Extracted data.

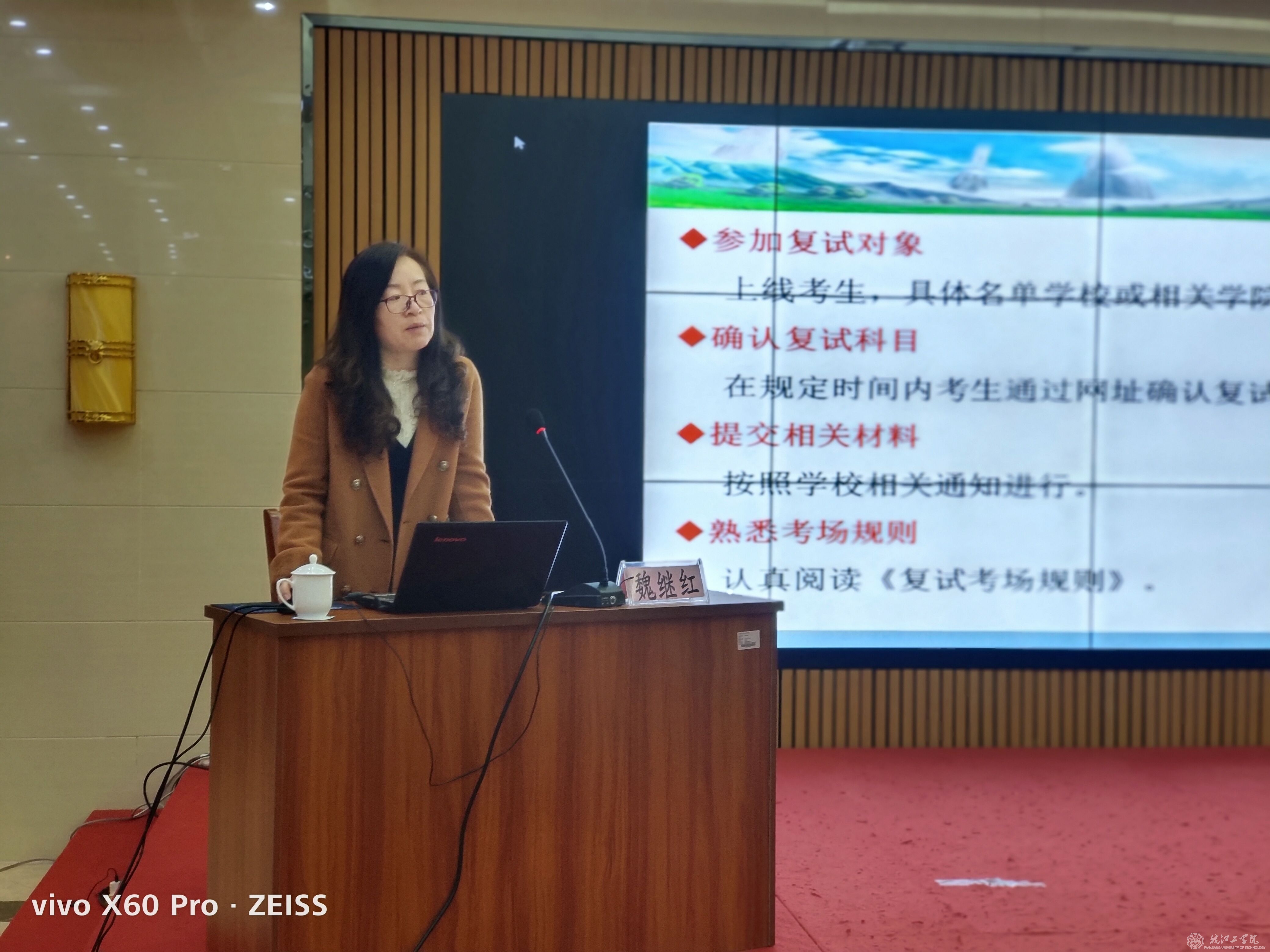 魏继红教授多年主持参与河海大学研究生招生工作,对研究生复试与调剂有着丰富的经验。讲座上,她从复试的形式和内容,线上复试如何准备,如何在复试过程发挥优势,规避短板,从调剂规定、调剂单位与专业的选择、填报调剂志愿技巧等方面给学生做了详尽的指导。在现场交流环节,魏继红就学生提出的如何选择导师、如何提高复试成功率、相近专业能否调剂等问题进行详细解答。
--
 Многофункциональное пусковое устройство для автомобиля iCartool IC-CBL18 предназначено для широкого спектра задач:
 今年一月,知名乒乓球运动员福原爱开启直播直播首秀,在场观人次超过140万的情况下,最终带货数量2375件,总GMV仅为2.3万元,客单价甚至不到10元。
* * *
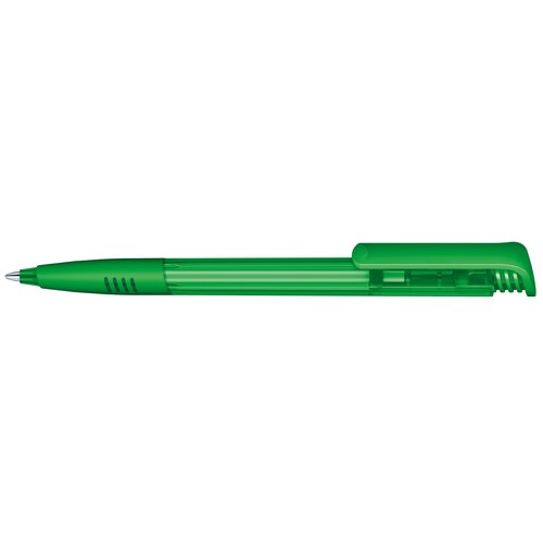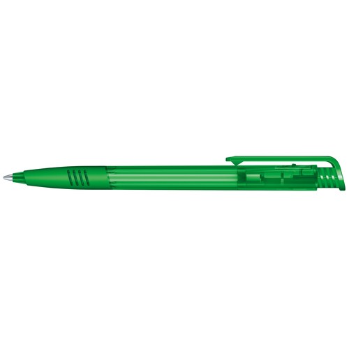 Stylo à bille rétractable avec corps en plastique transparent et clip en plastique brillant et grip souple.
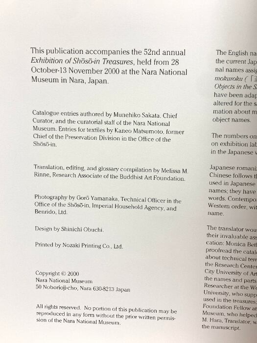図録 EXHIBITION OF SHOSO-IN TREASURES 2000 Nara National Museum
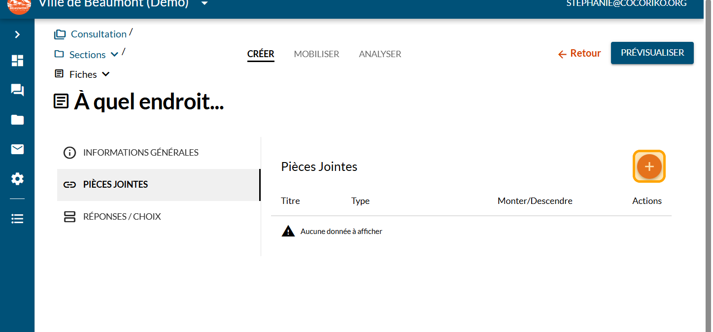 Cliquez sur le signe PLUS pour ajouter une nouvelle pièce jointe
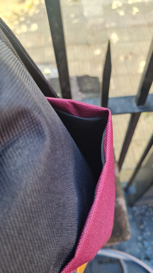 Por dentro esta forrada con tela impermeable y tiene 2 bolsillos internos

Activity. Exactly reproduce the lines above, starting at the one that contains "Cliquez sur le" and ending at the one that contains "Por dentro esta", both inclusive; leave the pictures out and add no other lines.

Task result.
 Cliquez sur le signe PLUS pour ajouter une nouvelle pièce jointe
 Por dentro esta forrada con tela impermeable y tiene 2 bolsillos internos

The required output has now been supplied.